THE INPUT ::
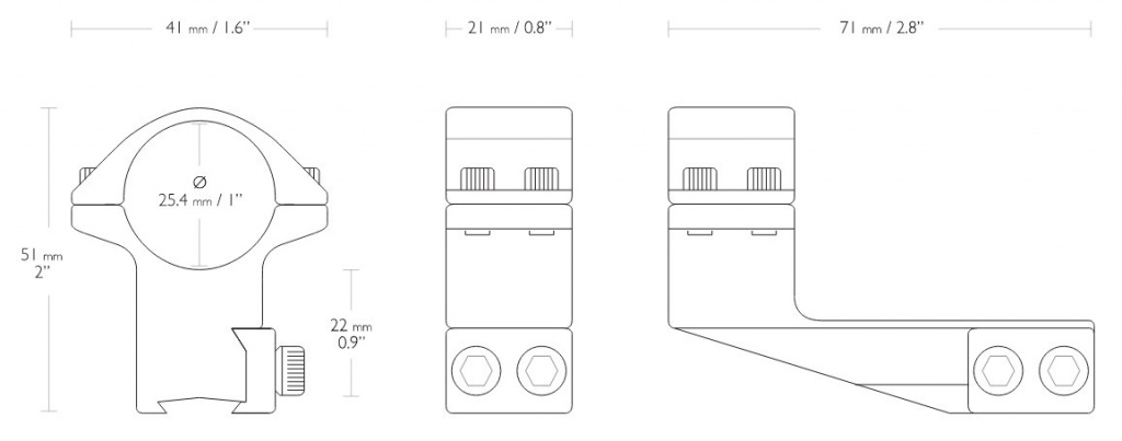 Кольца с экстра выносом Hawke диаметром 25.4 мм. Крепление колец производится на призму 9-11 мм. Кольца высокого профиля, высота BH составляет 22 мм. Кольца изготовлены из высококачественного анодированного алюминия.
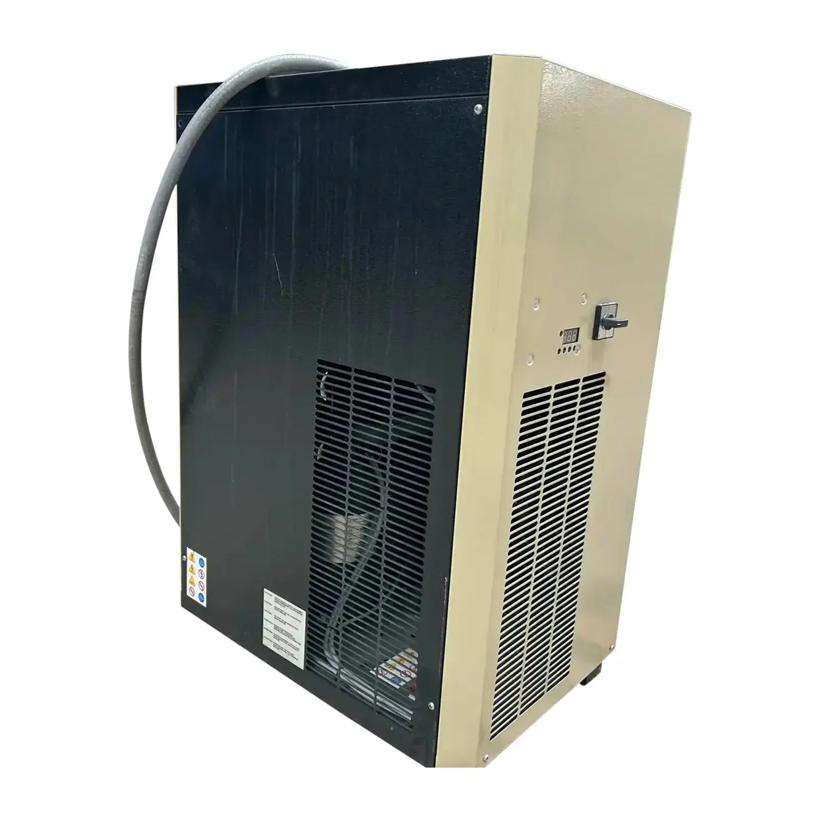 Ingersoll Rand Direct Expansion Compressed Air Dryer. Model: D300IN. Air Flow: 176 CFM. Power Supply: 230v/1Ph/60Hz. Total Amps: 8 Amps. Cooling Fluid Refrigerant: R-407C-32 oz. In.Air Max Temp: 140 F. Max Temperature: 122 F. Refrigerant Design Pressure - Low Side: 203 PSIG, High Side: 320 PSIG.
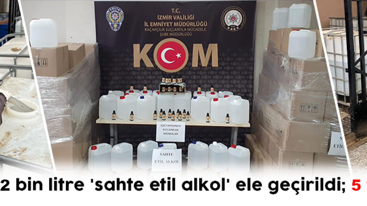 İzmir'de, polis ekiplerince yılbaşı öncesinde düzenlenen operasyonda 11 bin 845 litre sahte etil alkol ele geçirildi, gözaltına alınan 9 şüpheliden 5'i tutuklandı.
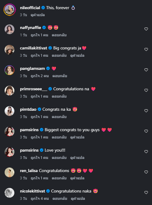 โดย ไนล ภาสิริ ได้โพสต์ภาพที่ถูกเซอร์ไพรส์คุกเข่าแต่งงาน พร้อมระบุแคปชั่นสั้นๆว่า This, forever ท่ามกลางคนในวงการบันเทิงเข้ามาแสดงความยินดีด้วยนวนมาก
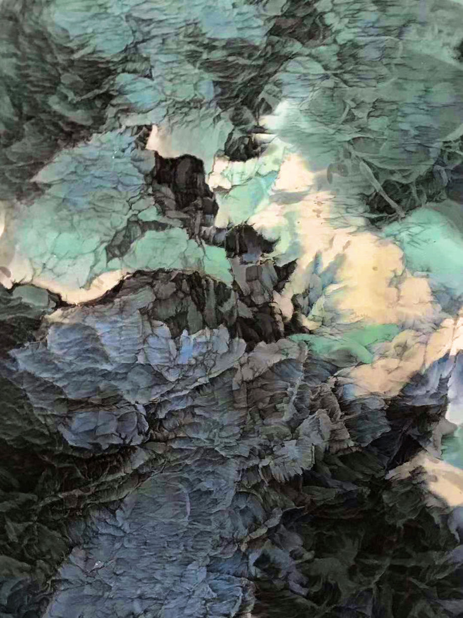 "Zen Flow: Mountains of the Mind" embodies a journey through the spiritual essence of Zen Buddhism blended with the abstract forms of traditional Chinese landscape painting. This piece is inspired by Jeanne's spiritual experience as a female Buddhist Monk (Bhikkhuni) after surviving from lung cancer. It reflects the "landscape within the mind," capturing the Buddhist concept of inner tranquility and the ancient philosophical doctrine of the "Three Distances" in Chinese art. These distances—high (the vertical dimension), deep (the horizontal expansion), and level (spatial variation across the plane)—serve as metaphors for life's spiritual and existential journeys. Removed from the digital realm, this artwork focuses on the meditative and introspective experience, inviting viewers to immerse themselves in a painted pilgrimage through symbolic landscapes and to become "mountain dwellers" in their quest for inner peace.
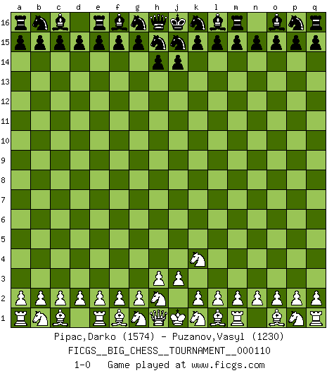 Last move : 1-0 2018 April 17 21:9:3 [Event "FICGS__BIG_CHESS__TOURNAMENT__000110"] [Site "FICGS"] [Date "2018.03.18"] [Round "1"] [White "Pipac,Darko"] [Black "Puzanov,Vasyl"] [Result "1-0"] [WhiteElo "1574"] [BlackElo "1230"] 1.j2-k4 1-0 This big chess game has been lost on time (started : 2018.03.18 16:28:38) Follow this game move after move (download)That's what Chess is all about. One day you give your opponent a lesson, the next day he gives you one. (Bobby Fischer) Nur ein wirklich starker Spieler weiß wie schwach er spielt. (Savielly Grigorievitsch Tartakower) Los Peones son el alma de una partida de Ajedrez. (Francois Andre Danican Philidor) Les Echecs sont et restent toujours un combat, un combat intégral comme la boxe, la lutte ou un autre sport, et où il doit y avoir un vainqueur et un vaincu. (Joseph Emil Diemer) Pushing plastic is for the many, pushing virtual pieces is for the fewer, pushing wood is for the very few. (Normajean Yates)

TASK DIRECTIONS :: Leave out the pictures. Return exactly the lines from the first line of the records to the line bearing "for inner peace.", inclusive.

SOLUTION TO THE PROBLEM ::
 Кольца с экстра выносом Hawke диаметром 25.4 мм. Крепление колец производится на призму 9-11 мм. Кольца высокого профиля, высота BH составляет 22 мм. Кольца изготовлены из высококачественного анодированного алюминия.
 Ingersoll Rand Direct Expansion Compressed Air Dryer. Model: D300IN. Air Flow: 176 CFM. Power Supply: 230v/1Ph/60Hz. Total Amps: 8 Amps. Cooling Fluid Refrigerant: R-407C-32 oz. In.Air Max Temp: 140 F. Max Temperature: 122 F. Refrigerant Design Pressure - Low Side: 203 PSIG, High Side: 320 PSIG.
 İzmir'de, polis ekiplerince yılbaşı öncesinde düzenlenen operasyonda 11 bin 845 litre sahte etil alkol ele geçirildi, gözaltına alınan 9 şüpheliden 5'i tutuklandı.
 โดย ไนล ภาสิริ ได้โพสต์ภาพที่ถูกเซอร์ไพรส์คุกเข่าแต่งงาน พร้อมระบุแคปชั่นสั้นๆว่า This, forever ท่ามกลางคนในวงการบันเทิงเข้ามาแสดงความยินดีด้วยนวนมาก
 "Zen Flow: Mountains of the Mind" embodies a journey through the spiritual essence of Zen Buddhism blended with the abstract forms of traditional Chinese landscape painting. This piece is inspired by Jeanne's spiritual experience as a female Buddhist Monk (Bhikkhuni) after surviving from lung cancer. It reflects the "landscape within the mind," capturing the Buddhist concept of inner tranquility and the ancient philosophical doctrine of the "Three Distances" in Chinese art. These distances—high (the vertical dimension), deep (the horizontal expansion), and level (spatial variation across the plane)—serve as metaphors for life's spiritual and existential journeys. Removed from the digital realm, this artwork focuses on the meditative and introspective experience, inviting viewers to immerse themselves in a painted pilgrimage through symbolic landscapes and to become "mountain dwellers" in their quest for inner peace.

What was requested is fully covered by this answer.